Dug the clay from the river (mixed with  other clay for the top two), sculpted by hand, used a straw to make the  hole, burnished with the back of a spoon, and fired in my BBQ.


----------



## 4u2sm0ke (Mar 4, 2013)

any pics of this Mudd smoker..:giggle:


----------



## Leonardo De Garden (Mar 5, 2013)

4u2sm0ke said:
			
		

> any pics of this Mudd smoker..:giggle:



You bet.


----------



## 4u2sm0ke (Mar 5, 2013)

do they heat up like a stone pipe?  how strong are they if dropped?...very cool..I dont know if we have that clay in our rivers


----------



## The Hemp Goddess (Mar 5, 2013)

Cool.  I'm impressed and inspired.  You really fire these in your bbq?


----------



## Leonardo De Garden (Mar 5, 2013)

4u2sm0ke said:
			
		

> do they heat up like a stone pipe?  how strong are they if dropped?...very cool..I dont know if we have that clay in our rivers



They aren't bad on heat, but I'd bet if you dropped one it would be time for a new pipe.


----------



## Leonardo De Garden (Mar 5, 2013)

The Hemp Goddess said:
			
		

> Cool.  I'm impressed and inspired.  You really fire these in your bbq?



Yes, just charcoal will get hot enough to low fire the clay.
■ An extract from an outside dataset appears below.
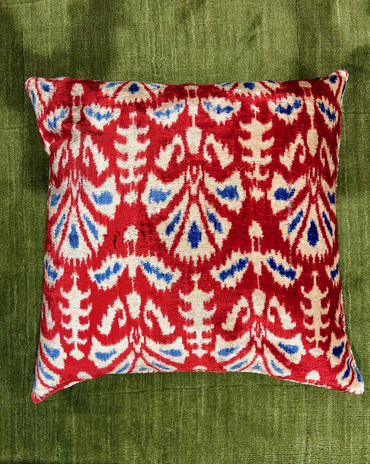 Handvävd vacker kudde i sammet/siden. Eftersom detta är en handgjord kudde så blir ingen exakt lika ut och kan därför skilja sig lite från bilden i mönstret. Baksidan är i ett neutralt offwhite bomulls tyg.
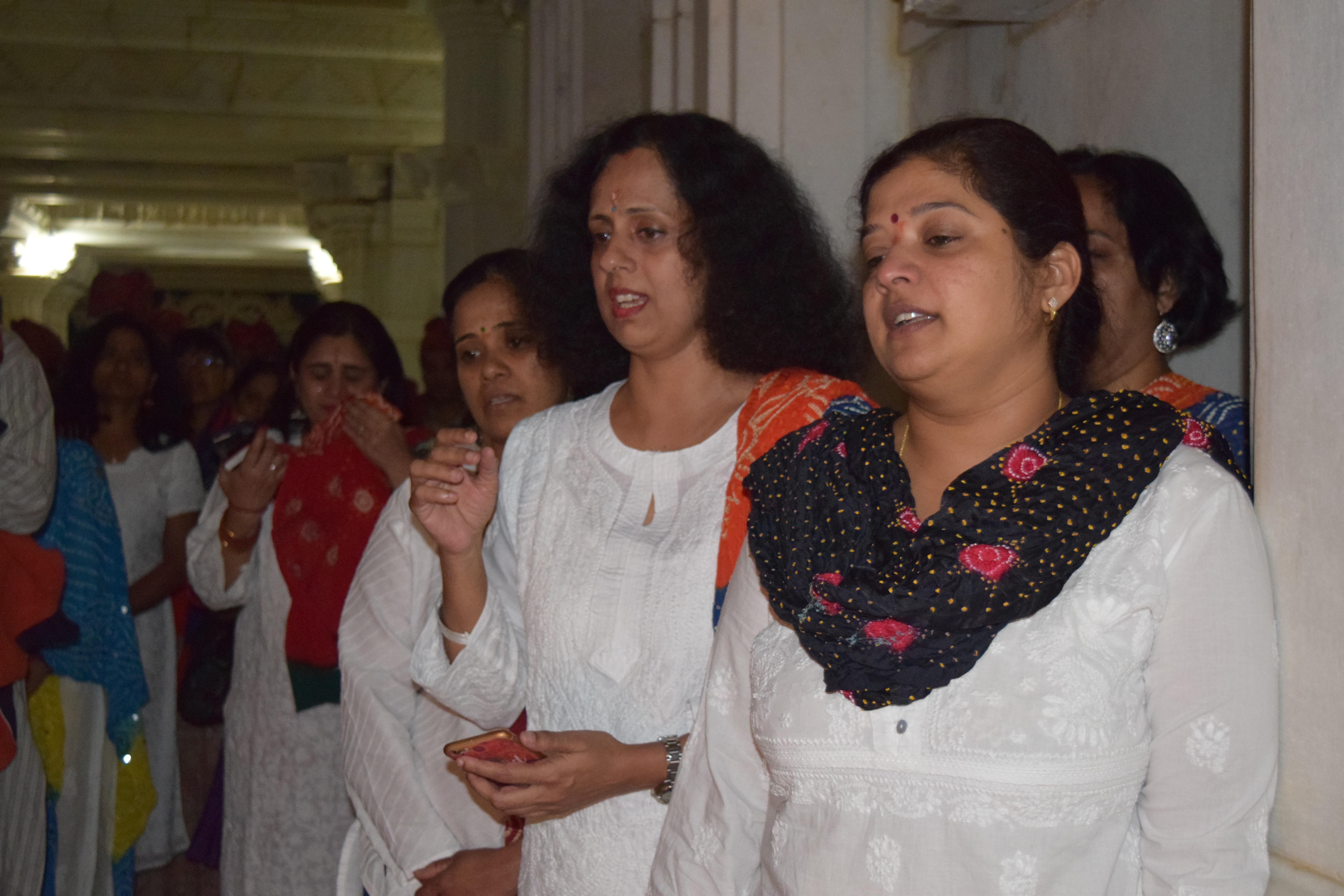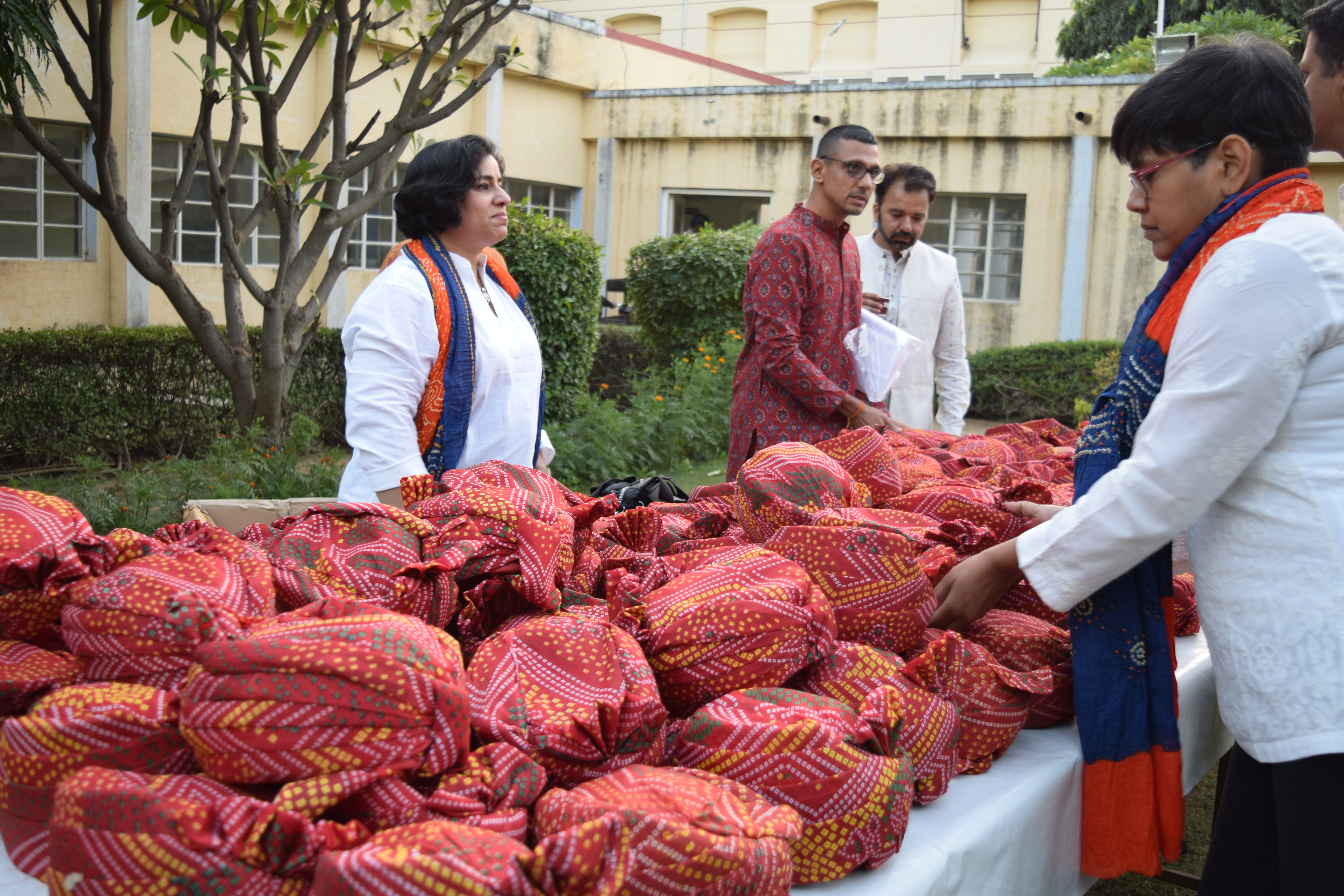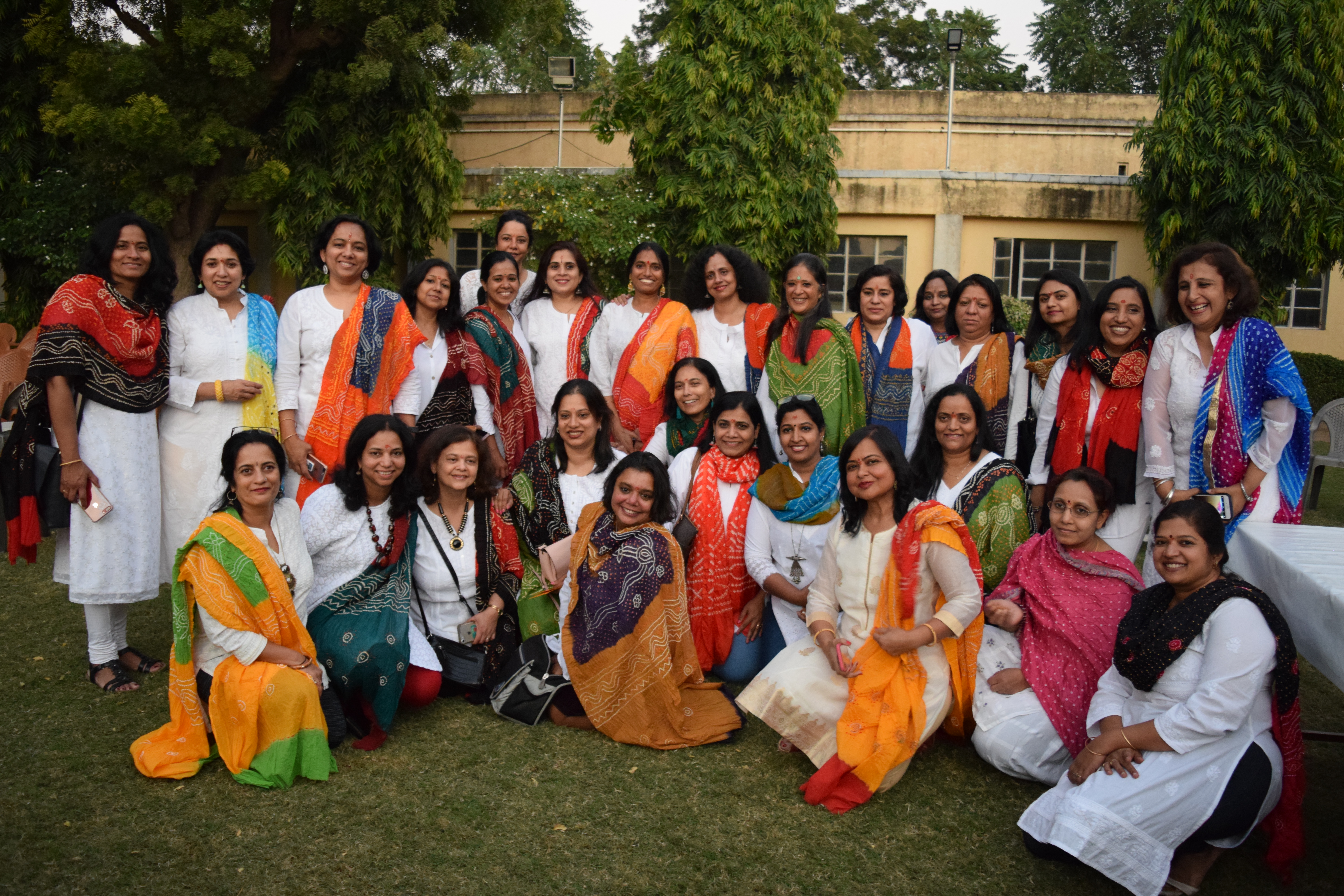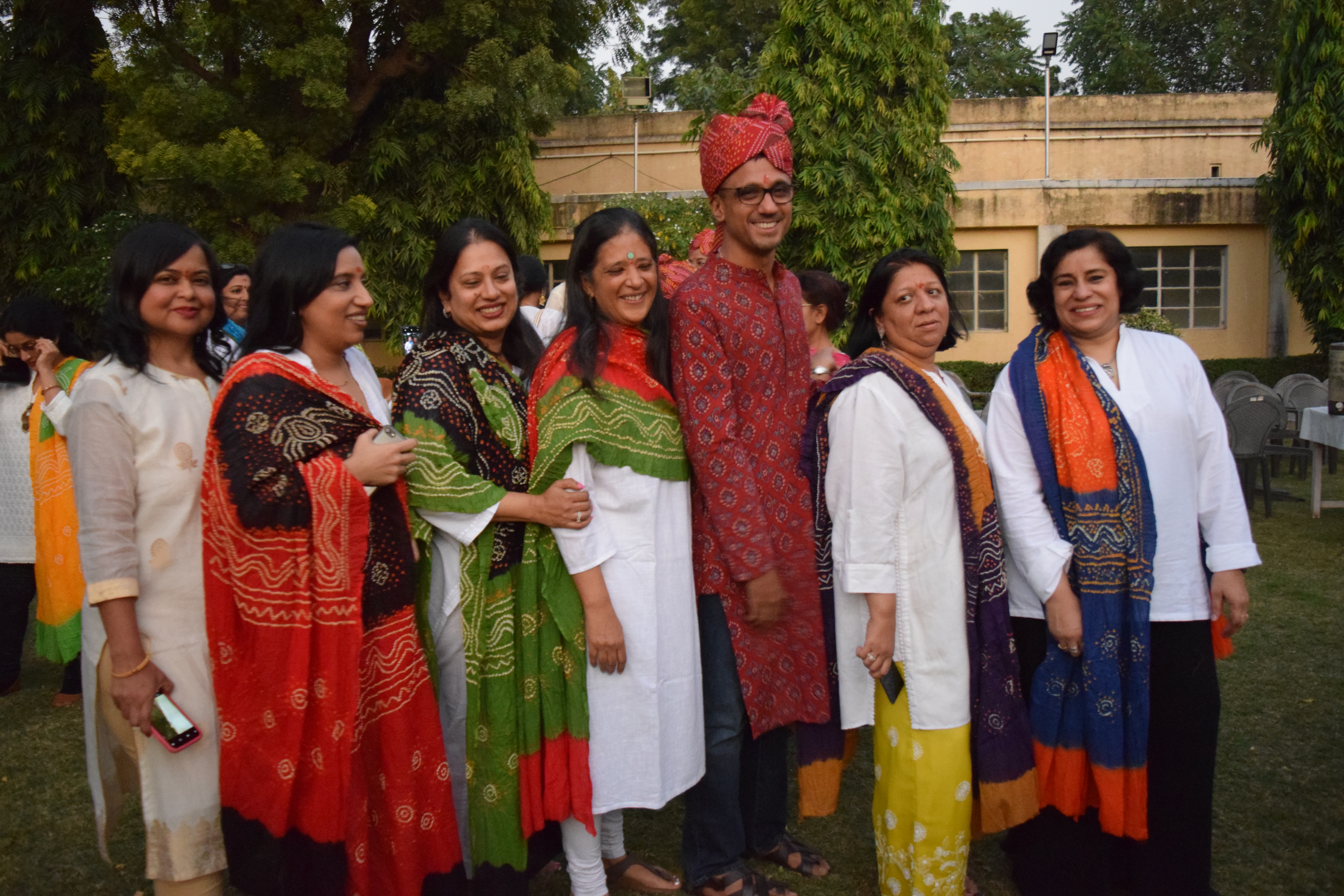 Soon it’s time for the next activity: I only know that we are supposed to wear white outfits with bandhni dupattas for this. It’s beautiful to see all the girls take their dupattas and customize the outfit to match: some wear their dupattas traditionally with salwar kurtas; others, with pants or skirts, white shirts, the dupatta wound loosely over. Everyone looks gorgeous in their designer styles. Unfailingly, as soon as we land in Rajasthan, the colors somehow seem to come to life!

Bury them in the charcoal, and set it on fire.


----------



## Leonardo De Garden (Mar 10, 2013)

3 more.


----------



## Leonardo De Garden (Mar 11, 2013)

Clay pipe (painted).


----------



## lindseyj (Dec 21, 2013)

Cannabis enthusiasts claim that home made pipes are the best. They come in a wide variety of shapes and sizes. The longer the stem the better it is to smoke. You must be aware of these things while making homemade pipes.


----------



## BudGrower (Jan 3, 2014)

how u made em ? some pics will be useful cuz ima make one of these


----------



## trillions of atoms (Jan 3, 2014)

Cool! The indians in the area used clay too and fired them using aminal skin billows.   


Very cool leo!


----------



## ArtVandolay (Jan 3, 2014)

Niiiiiice  :icon_smile:


----------